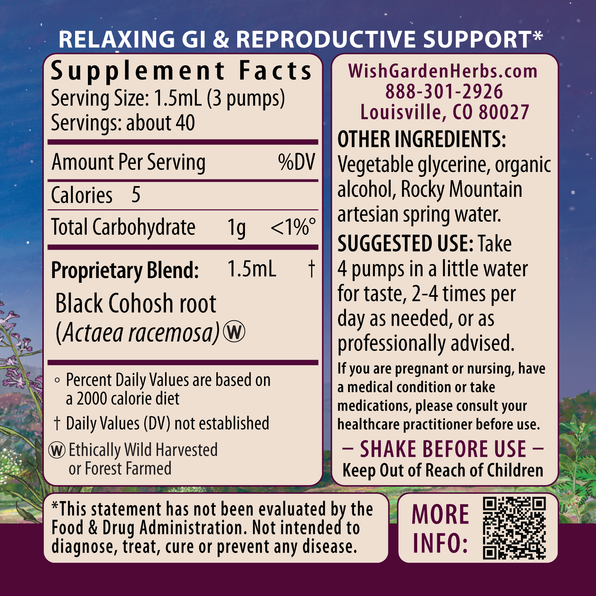 Black Cohosh root (Actaea racemosa), vegetable glycerine, Rocky Mountain artesian spring water & organic gluten-free alcohol.
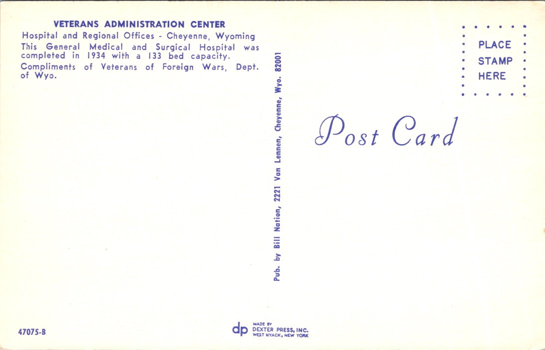 Vintage Postcard The Veterans Administration Center Cheyenne Wyoming Unposted
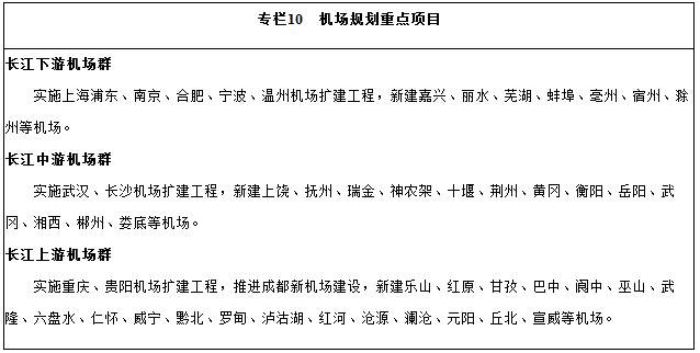 (三)拓展航空运输网络。加快上海国际航空枢纽建设,强化重庆、成都、昆明、贵阳、长沙、武汉、南京、杭州等机场的区域枢纽功能,发挥南昌、合肥、宁波、温州、无锡、丽江、西双版纳等干线机场作用,完善支线机场布局,形成长江上、中、下游机场群。优化航线网络,科学论证,提高主要城市间航班密度,增加国际运输航线。深化低空空域管理改革,发展通用航空。依托空港资源,发展临空经济。
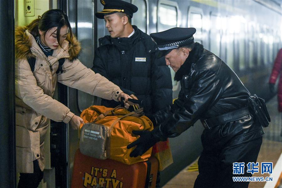 周小平(右)在乌鲁木齐站帮助旅客搬运行李(1月30日摄)。 新华社记者 王菲摄
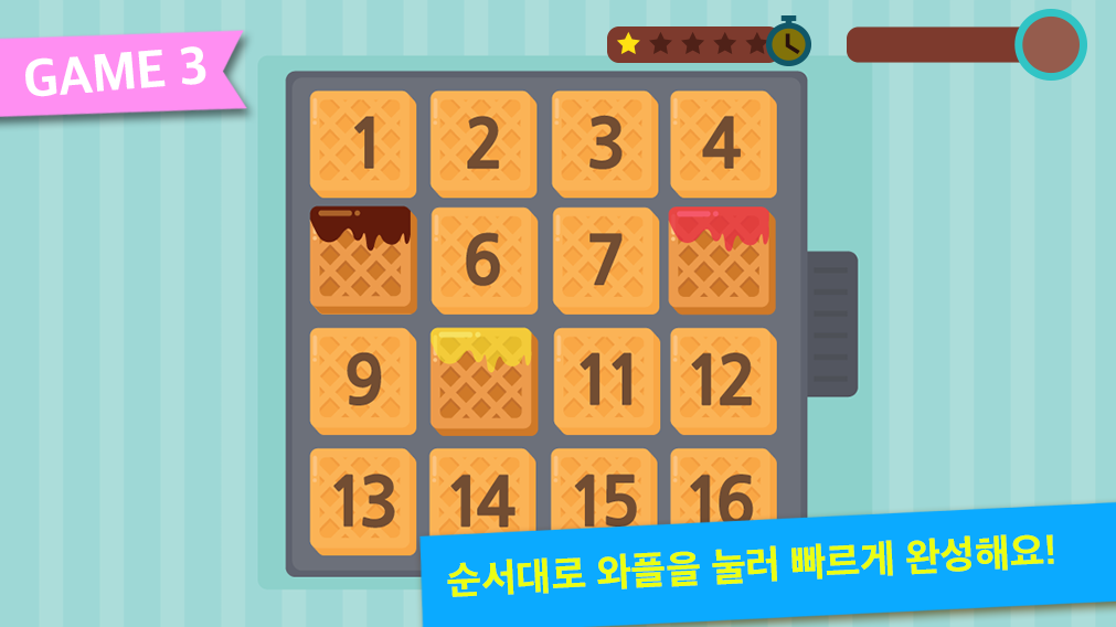 - 從編號最小的嘗試完成華夫餅烘焙板的華夫餅。

—————

Everything from the first line of the listing above through the line that contains "(三)拓展航空运输网络。加快" is to be restated word for word, minus the pictures.

» YOUR SOLUTION:
 Black Cohosh root (Actaea racemosa), vegetable glycerine, Rocky Mountain artesian spring water & organic gluten-free alcohol.
 Vintage Postcard The Veterans Administration Center Cheyenne Wyoming Unposted
 (三)拓展航空运输网络。加快上海国际航空枢纽建设,强化重庆、成都、昆明、贵阳、长沙、武汉、南京、杭州等机场的区域枢纽功能,发挥南昌、合肥、宁波、温州、无锡、丽江、西双版纳等干线机场作用,完善支线机场布局,形成长江上、中、下游机场群。优化航线网络,科学论证,提高主要城市间航班密度,增加国际运输航线。深化低空空域管理改革,发展通用航空。依托空港资源,发展临空经济。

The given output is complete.